If the iWarp&iSER community is happy with this security problem then
sure, go ahead with the iser patch.

> However, it's an extremely bad idea to codify writable privileged rmr's
> in the API as best practice. So under no circumstance should that become
> the long term plan.

Agreed. We should drop ib_get_dma_mr flags wrapper, and I propose
this, so we don't have to relearn this lesson again.


Jason
--
To unsubscribe from this list: send the line "unsubscribe linux-nfs" in
the body of a message to majordomo@vger.kernel.org
More majordomo info at  http://vger.kernel.org/majordomo-info.html

Comments

Jason Gunthorpe July 10, 2015, 8:48 p.m.
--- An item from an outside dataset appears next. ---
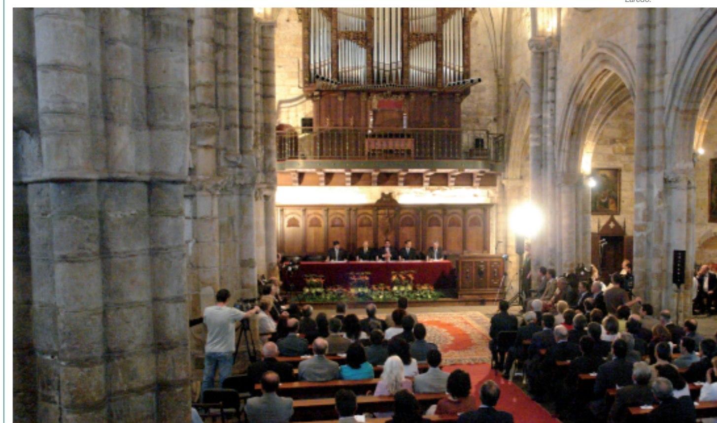
El acto de inauguración de los Cursos se celebra en la iglesia de Santa María de Laredo.

UTC | #1

On Fri, Jul 10, 2015 at 01:54:20PM -0600, Jason Gunthorpe wrote:
> On Fri, Jul 10, 2015 at 02:42:45PM -0400, Tom Talpey wrote:
> 
> > >>For the proposed iSER patch the problem is very acute, iser makes a
> > >>single PD and phys MR at boot time for each device. This means there
> > >>is a single machine wide unchanging rkey that allows remote physical
> > >>memory access. An attacker only has to repeatedly open QPs to iSER and
> > >>guess rkey values until they find it. Add in likely non-crypto
> > >>randomness for rkeys, and I bet it isn't even that hard to do.
> > 
> > The rkeys have a PD, wich cannot be forged, so it's not a matter of
> > attacking, but it is most definitely a system integrity risk, as I
> > mentioned earlier, a simple arithmetic offset mistake can overwrite
> > anything.
> 
> Can you explain this conclusion?

Okay, so I see, iser is client only, it doesn't create a listening QP,
so you have to trick it into connecting to a malicious server, and
that is just a trust issue as Doug points out. Presumably this patch
doesn't impact isert?

But what about NFS? It looks to me like all of the ib_get_dma_mr
calls in NFS have the possibility of having IB_ACCESS_REMOTE_WRITE
set, but only on older adaptors?

Jason
--
To unsubscribe from this list: send the line "unsubscribe linux-nfs" in
the body of a message to majordomo@vger.kernel.org
More majordomo info at  http://vger.kernel.org/majordomo-info.html

Doug Ledford July 10, 2015, 10:33 p.m. UTC | #2

On 07/10/2015 03:54 PM, Jason Gunthorpe wrote:
> On Fri, Jul 10, 2015 at 02:42:45PM -0400, Tom Talpey wrote:
> 
>>>> For the proposed iSER patch the problem is very acute, iser makes a
>>>> single PD and phys MR at boot time for each device. This means there
>>>> is a single machine wide unchanging rkey that allows remote physical
>>>> memory access. An attacker only has to repeatedly open QPs to iSER and
>>>> guess rkey values until they find it. Add in likely non-crypto
>>>> randomness for rkeys, and I bet it isn't even that hard to do.
>>
>> The rkeys have a PD, wich cannot be forged, so it's not a matter of
>> attacking, but it is most definitely a system integrity risk, as I
>> mentioned earlier, a simple arithmetic offset mistake can overwrite
>> anything.
> 
> Can you explain this conclusion?

I think Tom's comment was referring to the fact that if you have a
trusted client, then a third party attacker can't attack your rkey
because they wouldn't have a QP in your PD and so the rkey would be
invalid for them.  Your arguments have been centered around a malicious
client, his presumed a trusted client and malicious third party.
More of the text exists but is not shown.